Drilling under a National Heritage building
A building from 1870 is located close to the Fatburen park, with half of the building resting on bedrock while the other part is located on the former lake. The new railway tracks are planned to pass right under the building. It is listed as a National Heritage and protected by strict national laws that complicates the construction of the new tunnel; the building must not be demolished, moved or damaged.
Trafikverket (the Swedish Transport Administration) prescribed the use of water-powered DTH hammer for the drilling in the area. The environmental aspects included the demand for low noise level in the urban area as well as the minimal risk of subsidence.
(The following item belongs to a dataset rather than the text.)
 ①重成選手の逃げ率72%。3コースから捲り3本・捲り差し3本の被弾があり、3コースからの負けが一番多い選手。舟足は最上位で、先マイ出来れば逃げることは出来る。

The contractor Bilfinger Spezialtiefbau has chosen to install a total of 300 casings in to support the building. They are drilled down into the bedrock, up to 68 m down, using Wassaras water-powered DTH hammer W80. The drilling takes place in a very sensitive environment and in cramped spaces. Large oak piles and boulders were once used for foundation and must now be drilled through during the operation.
The tunnel itself is being built in reverse order, as the tunnel roof is being constructed first. After excavating down to 14 m below the building, the tunnel walls will be built before the floor construction completes the tunnel.
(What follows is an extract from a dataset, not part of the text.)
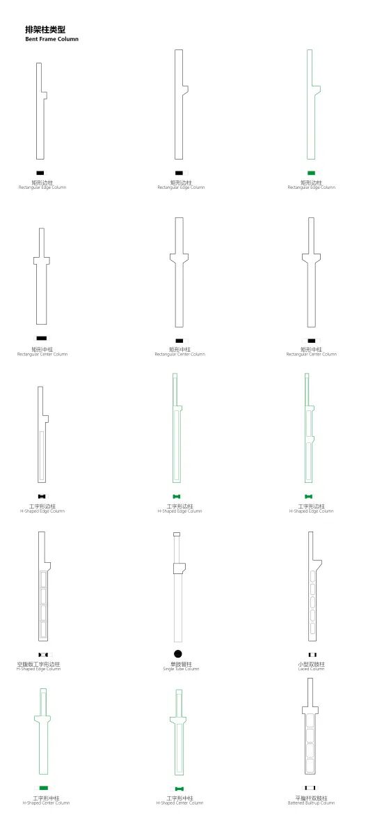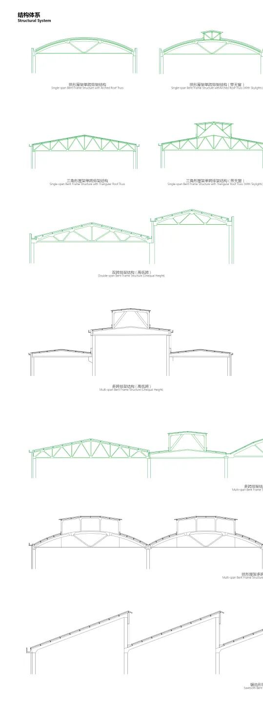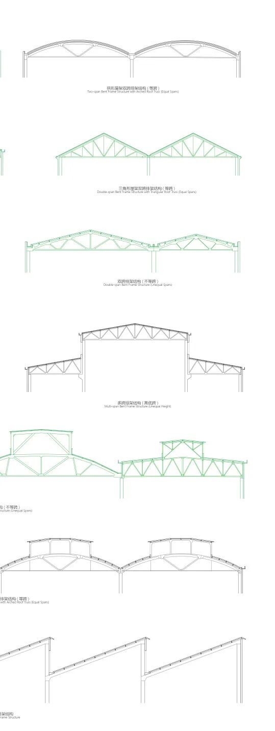 不同的排架柱类型、结构体系,与工厂内机械设备的连接关系

Wassara W150 hammer, ready for casing advancing under the building. The tunnel roof is clearly visible here. (Photo courtesy of Bilfinger Spezialtiefbau)
Ground reinforcement in an old lake
The Fatburen area is also undergoing extensive ground reinforcement due to the new railway requirements. This comprises a large amount of long holes to be drilled for jet grouting and piling in sensitive environment. When completed, a total of 4 800 grout holes, 700 RD piles and 1 200 steel core piles have been installed.
Wassaras water-powered DTH hammer W150 is used for casing advancing, a total of about 35 000 m casings are being installed. They all go one meter into competent bedrock, giving boreholes of 15-68 m. For steel core piles, underdrilling in rock to 13 m have been done.
The railway tunnel in the bedrock is opening up behind what once was a small lake, now undergoing ground reinforcement.
Incoming water for powering Wassaras DTH hammer is taken from public sources. The spill water passes through a system of sedimentation tanks with a total volume of 200 m3. Before being discharged to the public sewer system, samples are taken to ensure that local requirements are met.